Q restricted rewrite system:
The TRS R consists of the following rules:

f(a, f(a, f(b, f(a, f(a, f(b, f(a, x))))))) → f(a, f(b, f(a, f(a, f(b, f(a, f(a, f(a, f(b, x)))))))))

Q is empty.

Using Dependency Pairs [1,15] we result in the following initial DP problem:
Q DP problem:
The TRS P consists of the following rules:

F(a, f(a, f(b, f(a, f(a, f(b, f(a, x))))))) → F(a, f(b, f(a, f(a, f(a, f(b, x))))))
F(a, f(a, f(b, f(a, f(a, f(b, f(a, x))))))) → F(b, x)
F(a, f(a, f(b, f(a, f(a, f(b, f(a, x))))))) → F(b, f(a, f(a, f(a, f(b, x)))))
F(a, f(a, f(b, f(a, f(a, f(b, f(a, x))))))) → F(a, f(b, x))
F(a, f(a, f(b, f(a, f(a, f(b, f(a, x))))))) → F(a, f(a, f(a, f(b, x))))
F(a, f(a, f(b, f(a, f(a, f(b, f(a, x))))))) → F(b, f(a, f(a, f(b, f(a, f(a, f(a, f(b, x))))))))
F(a, f(a, f(b, f(a, f(a, f(b, f(a, x))))))) → F(a, f(a, f(b, x)))
F(a, f(a, f(b, f(a, f(a, f(b, f(a, x))))))) → F(a, f(b, f(a, f(a, f(b, f(a, f(a, f(a, f(b, x)))))))))
F(a, f(a, f(b, f(a, f(a, f(b, f(a, x))))))) → F(a, f(a, f(b, f(a, f(a, f(a, f(b, x)))))))
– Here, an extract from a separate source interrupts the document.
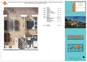 A lakás 43 m2  ,10m2-es terasszal
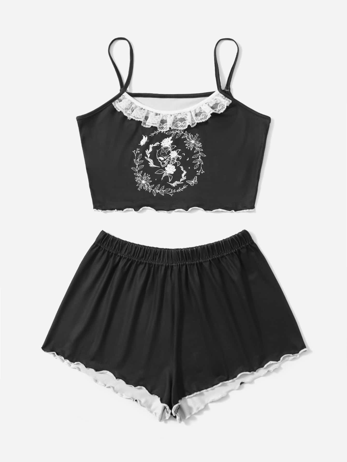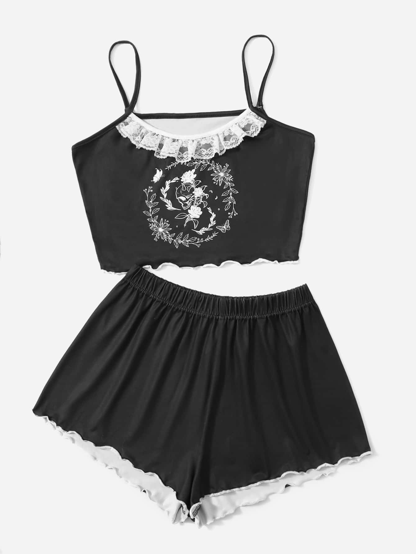 Ensemble de pyjama à imprimé tête de mort à ourlet ondulé

The TRS R consists of the following rules:

f(a, f(a, f(b, f(a, f(a, f(b, f(a, x))))))) → f(a, f(b, f(a, f(a, f(b, f(a, f(a, f(a, f(b, x)))))))))

Q is empty.
We have to consider all minimal (P,Q,R)-chains.

↳ QTRS
  ↳ DependencyPairsProof
QDP
      ↳ DependencyGraphProof

Q DP problem:
The TRS P consists of the following rules:

F(a, f(a, f(b, f(a, f(a, f(b, f(a, x))))))) → F(a, f(b, f(a, f(a, f(a, f(b, x))))))
F(a, f(a, f(b, f(a, f(a, f(b, f(a, x))))))) → F(b, x)
F(a, f(a, f(b, f(a, f(a, f(b, f(a, x))))))) → F(b, f(a, f(a, f(a, f(b, x)))))
F(a, f(a, f(b, f(a, f(a, f(b, f(a, x))))))) → F(a, f(b, x))
F(a, f(a, f(b, f(a, f(a, f(b, f(a, x))))))) → F(a, f(a, f(a, f(b, x))))
F(a, f(a, f(b, f(a, f(a, f(b, f(a, x))))))) → F(b, f(a, f(a, f(b, f(a, f(a, f(a, f(b, x))))))))
F(a, f(a, f(b, f(a, f(a, f(b, f(a, x))))))) → F(a, f(a, f(b, x)))
F(a, f(a, f(b, f(a, f(a, f(b, f(a, x))))))) → F(a, f(b, f(a, f(a, f(b, f(a, f(a, f(a, f(b, x)))))))))
F(a, f(a, f(b, f(a, f(a, f(b, f(a, x))))))) → F(a, f(a, f(b, f(a, f(a, f(a, f(b, x)))))))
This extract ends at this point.